### Required work:
Every line below from the one containing "AV Peptide Mots-c" through the one containing "Każdy klient, który" is to be printed exactly, with the pictures omitted.

== Given records

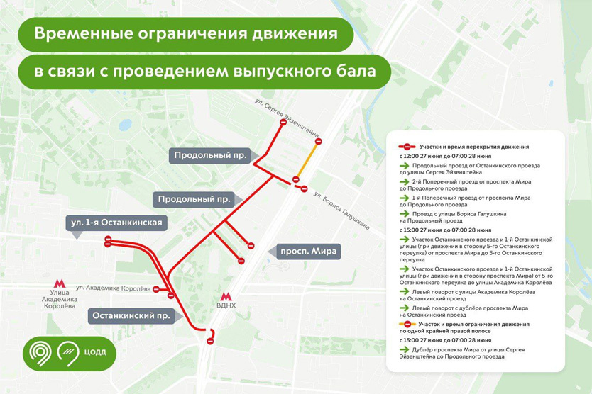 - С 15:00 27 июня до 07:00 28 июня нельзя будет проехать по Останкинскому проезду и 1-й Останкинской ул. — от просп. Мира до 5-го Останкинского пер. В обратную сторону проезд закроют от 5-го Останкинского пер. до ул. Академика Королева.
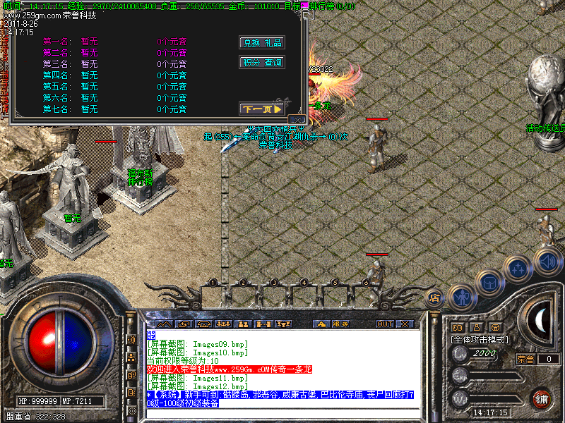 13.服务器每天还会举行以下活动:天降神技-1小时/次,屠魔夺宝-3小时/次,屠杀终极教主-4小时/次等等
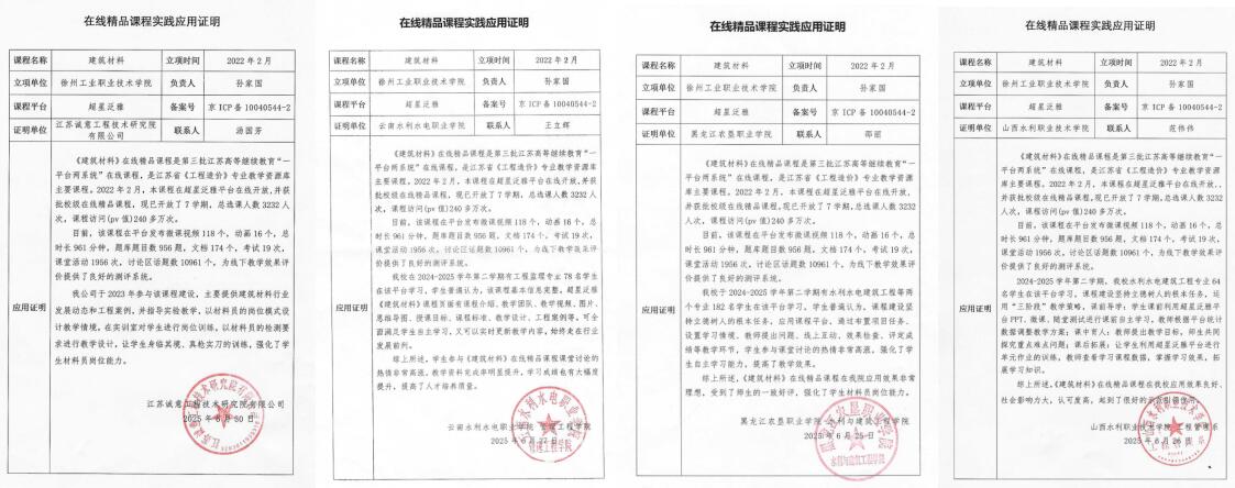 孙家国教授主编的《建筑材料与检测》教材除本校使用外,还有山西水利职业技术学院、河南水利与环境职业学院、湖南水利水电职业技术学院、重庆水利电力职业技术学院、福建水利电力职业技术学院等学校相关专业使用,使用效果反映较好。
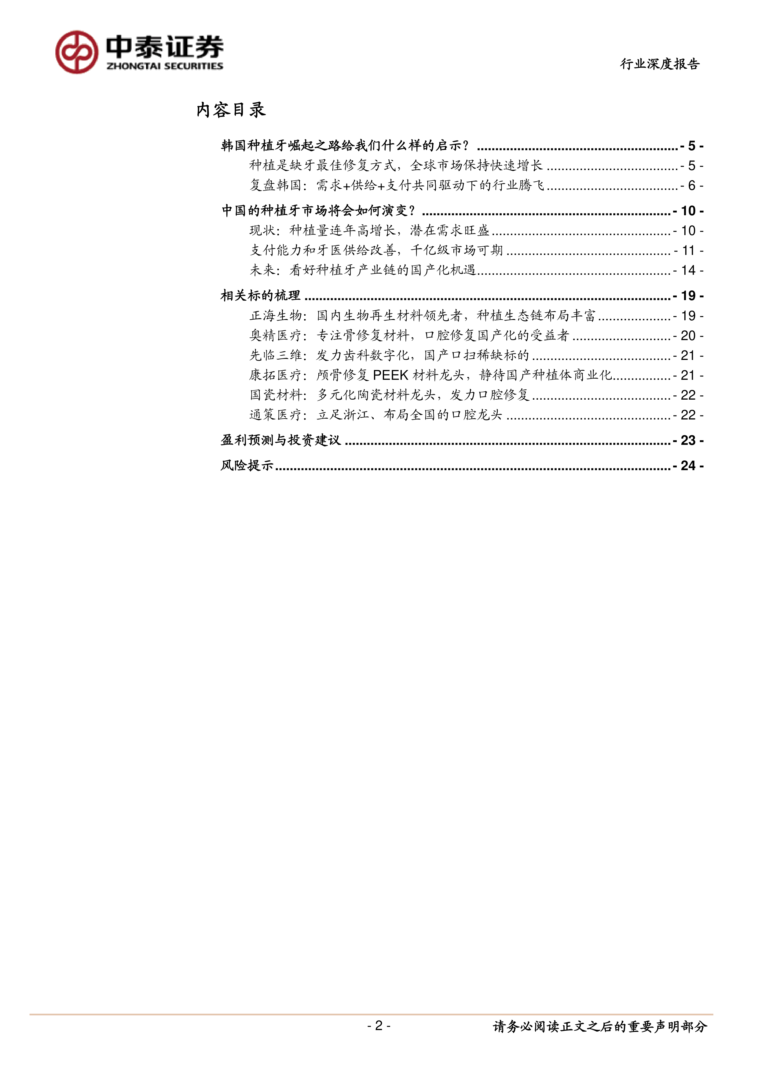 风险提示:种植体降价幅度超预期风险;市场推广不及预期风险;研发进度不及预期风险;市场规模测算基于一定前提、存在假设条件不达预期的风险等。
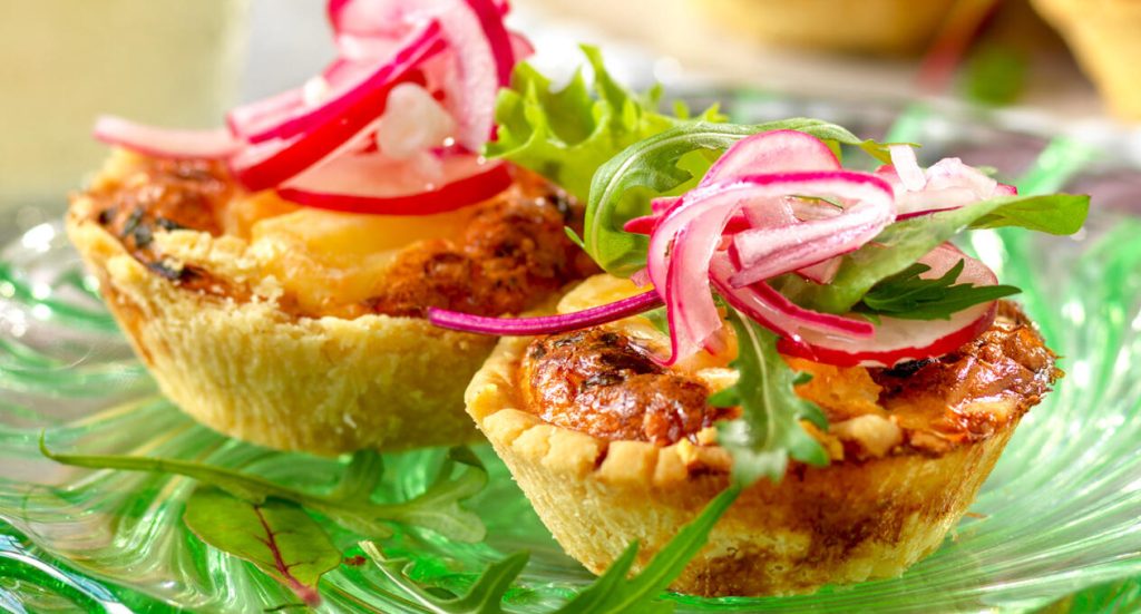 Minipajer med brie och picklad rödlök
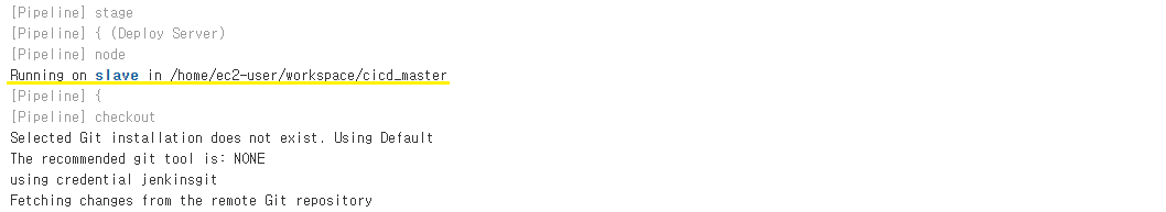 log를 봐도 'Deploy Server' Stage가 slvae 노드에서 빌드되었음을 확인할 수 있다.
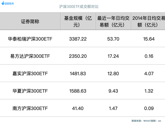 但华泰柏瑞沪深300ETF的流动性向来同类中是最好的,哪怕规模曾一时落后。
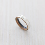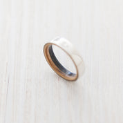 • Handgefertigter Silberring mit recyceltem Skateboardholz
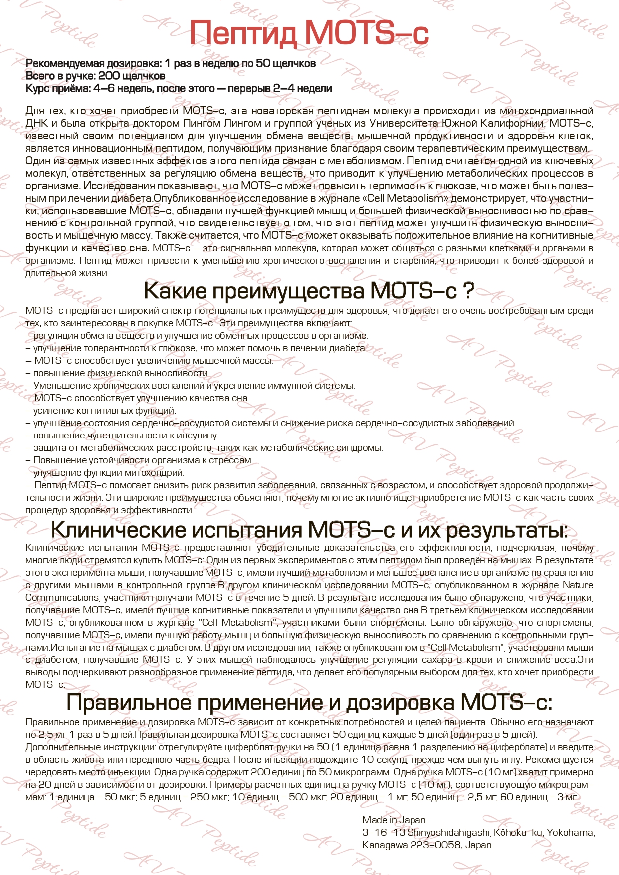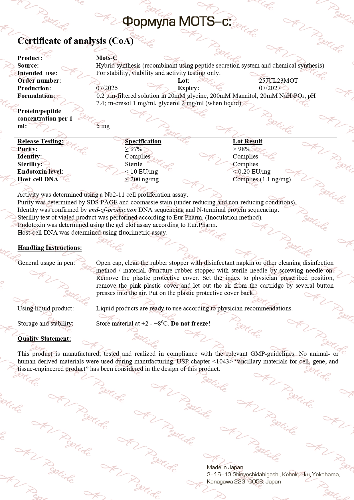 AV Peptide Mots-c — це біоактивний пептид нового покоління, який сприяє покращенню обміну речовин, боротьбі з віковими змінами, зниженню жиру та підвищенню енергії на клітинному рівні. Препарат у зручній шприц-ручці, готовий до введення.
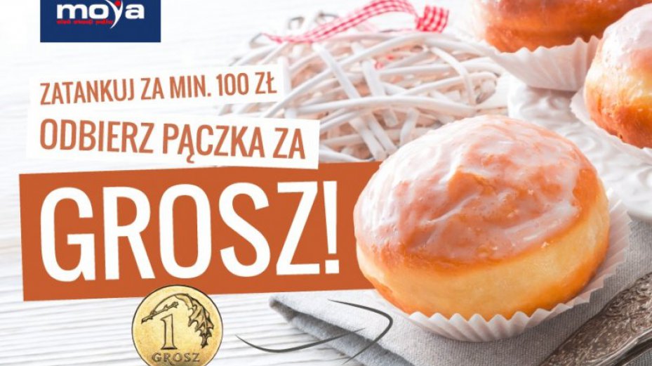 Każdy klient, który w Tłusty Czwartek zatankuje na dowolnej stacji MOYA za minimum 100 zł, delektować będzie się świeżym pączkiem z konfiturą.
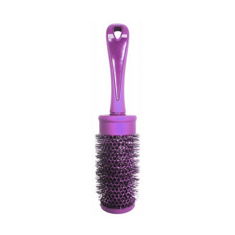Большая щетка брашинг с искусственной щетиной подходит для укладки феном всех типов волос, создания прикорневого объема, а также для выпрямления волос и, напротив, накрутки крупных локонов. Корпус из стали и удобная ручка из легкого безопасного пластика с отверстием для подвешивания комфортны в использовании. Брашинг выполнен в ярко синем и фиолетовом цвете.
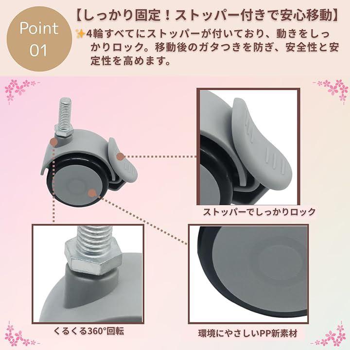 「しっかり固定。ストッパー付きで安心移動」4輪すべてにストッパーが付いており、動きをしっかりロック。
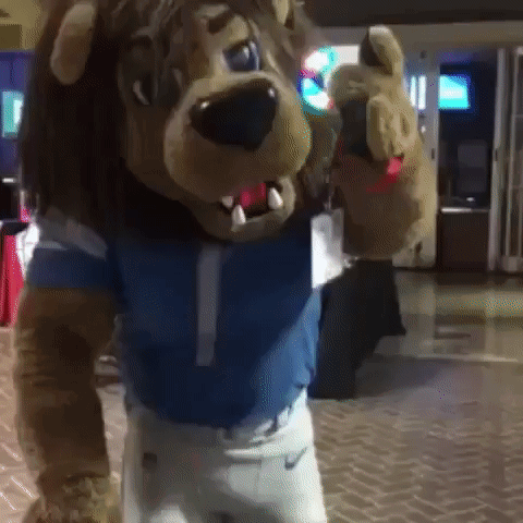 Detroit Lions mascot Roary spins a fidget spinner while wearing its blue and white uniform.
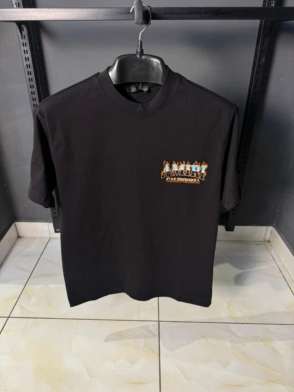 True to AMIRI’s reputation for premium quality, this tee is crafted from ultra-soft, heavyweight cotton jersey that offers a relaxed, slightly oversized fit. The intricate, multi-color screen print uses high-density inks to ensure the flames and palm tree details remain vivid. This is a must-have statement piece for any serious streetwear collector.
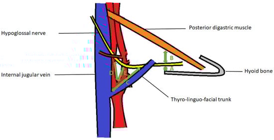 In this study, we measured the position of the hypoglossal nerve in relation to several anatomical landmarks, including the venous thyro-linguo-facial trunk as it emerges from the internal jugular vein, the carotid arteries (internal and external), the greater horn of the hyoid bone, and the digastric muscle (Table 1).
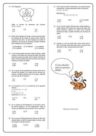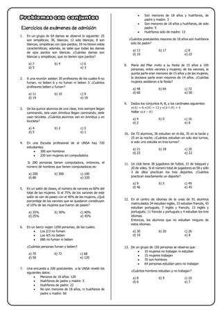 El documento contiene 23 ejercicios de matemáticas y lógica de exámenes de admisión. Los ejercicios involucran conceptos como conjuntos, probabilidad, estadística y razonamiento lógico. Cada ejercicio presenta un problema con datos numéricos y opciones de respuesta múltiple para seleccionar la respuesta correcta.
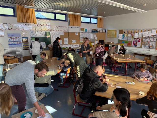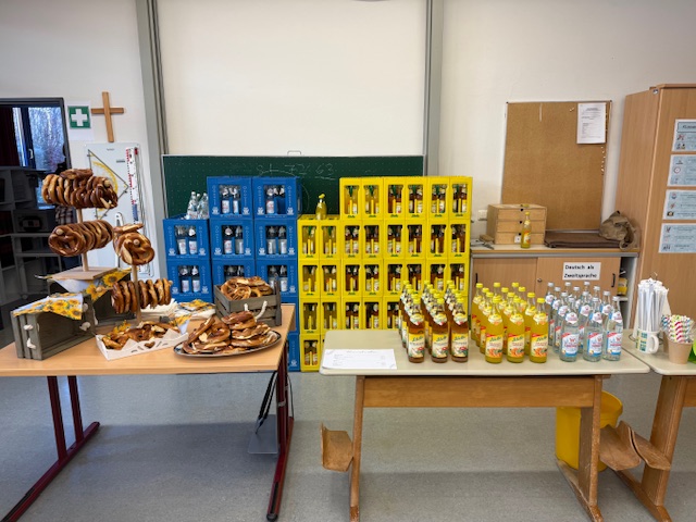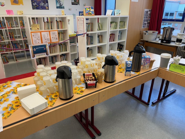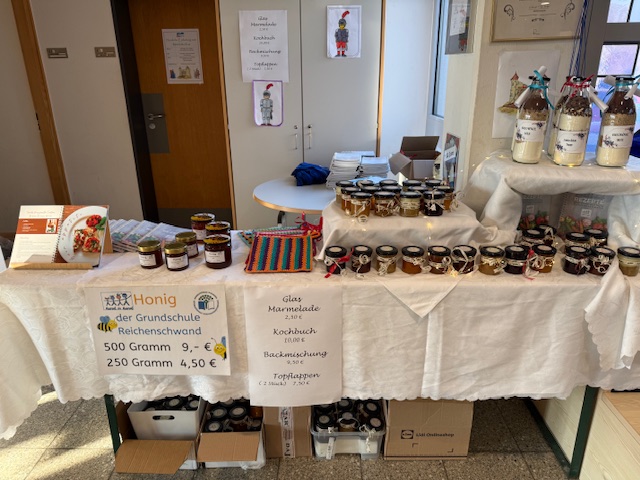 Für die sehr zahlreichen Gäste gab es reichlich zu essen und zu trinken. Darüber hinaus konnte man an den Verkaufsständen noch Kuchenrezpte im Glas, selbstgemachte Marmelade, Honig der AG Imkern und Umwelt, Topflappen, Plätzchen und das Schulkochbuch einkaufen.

====

### Answer box:
 AV Peptide Mots-c — це біоактивний пептид нового покоління, який сприяє покращенню обміну речовин, боротьбі з віковими змінами, зниженню жиру та підвищенню енергії на клітинному рівні. Препарат у зручній шприц-ручці, готовий до введення.
 Każdy klient, który w Tłusty Czwartek zatankuje na dowolnej stacji MOYA za minimum 100 zł, delektować będzie się świeżym pączkiem z konfiturą.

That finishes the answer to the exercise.